"Önümüzdeki yıllarda 10 milyondan fazla insanın ölümüne neden olabilecek bir şey ortaya çıkarsa bu bir savaştan çok daha hızlı yayılabilen bir virüs olur" görüşünü dile getiren Bill Gates, "Bir sonraki salgın için hazır değiliz" başlıklı TED konuşmasında şöyle devam etmişti:
"Salgın hastalıkları durdurabilecek bir sisteme çok az yatırım yaptık. Hazırlanmanın başarısızlığı bir sonraki salgının Ebola'dan daha tahrip edici olmasına çarpıcı bir şekilde olanak sağlayacaktır."

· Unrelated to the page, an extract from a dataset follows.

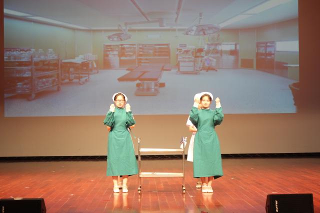 第一环节中,6支参赛队伍分别进行了礼仪展示,标准规范的礼仪姿势、站姿、坐姿、推治疗车、托治疗盘、拿医嘱单等护理礼仪一气呵成。众多表演中最令人耳目一新的是口腔护理班将七步洗手法编制成的极富动感的洗手舞,以及本科护理班的手语表演,每个动作熟练而优美,一举一动间都透露出优雅,让人感受到护理人员如白衣天使般的温柔呵护。其后,上海立达职业技术学院护理与健康管理学院的同学进行了护生礼仪表演《遇见最美的你》。

Bugün ise tüm dünyayı etkileyen bir salgınla karşı karşıyayız.
Damlacık yolu ile yayılabilen bir virüsün nasıl küresel bir salgına sebep olabileceğini dünya nüfusunun üçte birini etkileyen, zamanın en ölümcül pandemisi 1918 İspanyol gribine bakarak anlayabiliriz.

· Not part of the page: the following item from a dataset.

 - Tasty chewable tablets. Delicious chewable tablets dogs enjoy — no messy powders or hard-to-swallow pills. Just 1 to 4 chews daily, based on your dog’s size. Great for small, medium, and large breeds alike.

İlk kez ABD'nin New Mexico eyaletinde tespit edilen İspanyol gribi, Türkiye dahil olmak üzere tüm dünya ülkelerini etkisi altına aldı.
18 ay içerisinde 500 milyon insanı enfekte ederken, tahmini olarak 50 ile 100 milyon arası insanın ölümüne sebep oldu.
18 Mart itibariyle, COVID-19 tüm dünyada 200 bin insana bulaşmış ve 8 bin kişinin ölümüne sebep olmuş durumda.
Üstelik yapılan modelleme çalışmaları daha salgının zirve noktasında dahi olmadığını gösteriyor.
Türkiye'de ise 18 Mart itibariyle 191 vaka ve 2 ölüm bildirilmiş durumda.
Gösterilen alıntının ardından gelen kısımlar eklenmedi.